С одурманенной головой вернулся я на двор, «ресиденсии», и при виде сеньоры меня словно осенило откровение. Она возлежала, как обыкновенно, греясь на солнце, вся нега, лень и самодовольство, усиленно щурясь под сверкающими лучами горячего солнца, утопая в блаженстве пассивного довольства своей судьбой и всем окружающим, спокойная и безмятежная, как существо, стоящее вне всяких житейских треволнений и желаний; и перед ней весь мой страстный пыл разом пропал. Я почувствовал себя даже как будто пристыженным. Остановившись на минуту и овладев собой, насколько это было возможно, насколько я мог отдышаться от своего волнения, я обратился к ней с несколькими словами. Она взглянула на меня со своей невозмутимостью, благодушной и доброй улыбкой и ответила все тем же мягким, певучим, ленивым голосом неясно, неразборчиво, как сквозь сон, словно боясь нарушить свой сладкий покой, боясь расстаться с тем царством неги, мира и спокойствия, в котором непрестанно пребывали все ее чувства, в невозмутимой сладкой дремоте, и тут во мне впервые проснулось чувство почти благоговейного уважения к существу, столь невозмутимо незлобному, невинному и счастливому, — и я ушел, внутренно дивясь в ней ее уравновешенной безмятежности, а в себе — своей собственной неусыпной тревоге, своей вечной странной, беспокойной суетливости в мыслях и чувствах и желаниях.
Придя в свою комнату, я увидел у себя на столе клочок той самой желтой бумаги, какую я видел тогда в комнате, выходящей на север; он был исписан карандашом тем же почерком, который я уже видел раз, — почерком Олальи. Я схватил его с чувством необъяснимой тревоги, как бы предвидя что-то недоброе, — и сердце во мне упало, когда я стал читать эти строки.
Некоторое время я ошеломленно смотрел на эту записку, едва понимая, что происходит со мной; затем я стал как будто пробуждаться, и во мне сказалась такая жестокость, такое отвращение к жизни, что солнце как будто померкло там, на голых скалистых горах, и всего меня трясло как человека, объятого безумным страхом и ужасом. Раскрывшаяся вдруг передо мной точно бездонная пропасть, пустота жизни сразила меня, как физический недуг, лишила меня сил и мужества, убила всякую надежду. То, что случилось, грозило не моей любви, не моему счастью. — оно грозило самой моей жизни.
— Я не могу жить без нее! — говорил я себе и стоял пришибленный, отупевший и твердил все одно и то же: — Я не могу жить без нее. — Едва сознавая, что я делаю и зачем, я протянул вперед руку, чтобы раскрыть раму, но каким-то образом попал в стекло и высадил его. Кровь брызнула из перерезанной руки, и бессознательный инстинкт самосохранения мгновенно заставил меня очнуться. Ко мне вернулось и полное сознание, и самообладание, и я тотчас же поспешил зажать рану пальцем другой руки, чтобы остановить брызжущую фонтаном кровь. Затем я стал размышлять, что мне делать. В этой пустой комнате не было решительно ни чего, чем бы я мог помочь себе, а между тем я чувствовал, что нуждаюсь в чьей-нибудь помощи. И вдруг у меня мелькнула мысль, что сама Олалья могла бы мне помочь, и с этой мыслью я спустился вниз по лестнице, продолжая зажимать пальцами рану.

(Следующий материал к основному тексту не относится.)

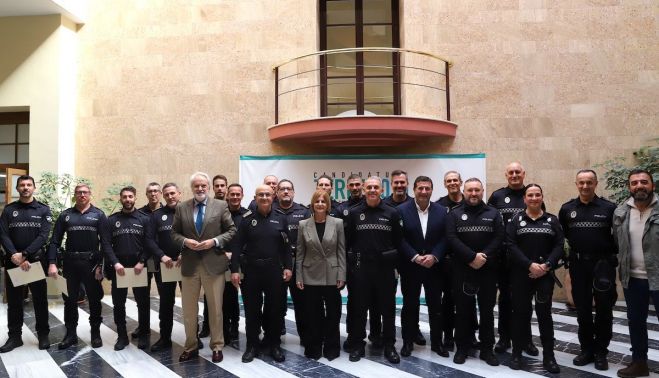 La alcaldesa de Jerez, María José García-Pelayo, ha dado la bienvenida a los 18 nuevos agentes de la Policía Local que han asumido sus nuevos cargos tras superar las pruebas de promoción interna. Acompañada por los tenientes de alcaldesa Agustín Muñoz e Ignacio Martínez y el jefe de la Policía Local, Manuel Cabrales, García-Pelayo ha felicitado a los agentes por su ascenso, que incluye dos nuevos inspectores, ocho subinspectores —uno de ellos mujer— y ocho oficiales.

Но нигде не было видно ни Олальи, ни Филиппа, и тогда я побрел в нишу, в самую глубь которой теперь удалилась сеньора и дремала, сидя перед огнем камина. Никакая жара не казалась ей излишней.
— Простите, что я потревожил вас, — сказал я, — но я вынужден обратиться к вам за помощью.
Она взглянула на меня сонливым томным взглядом и осведомилась, в чем дело. Но не успела она еще договорить своей фразы, как я заметил, что она потянула в себя воздух, раздув ноздри, и вдруг как будто совершенно проснулась и даже оживилась.
— Я порезал руку, и, как видите, довольно сально, — сказал а, — посмотрите! — И я протянул к ней обе руки, с которых капала и струилась кровь!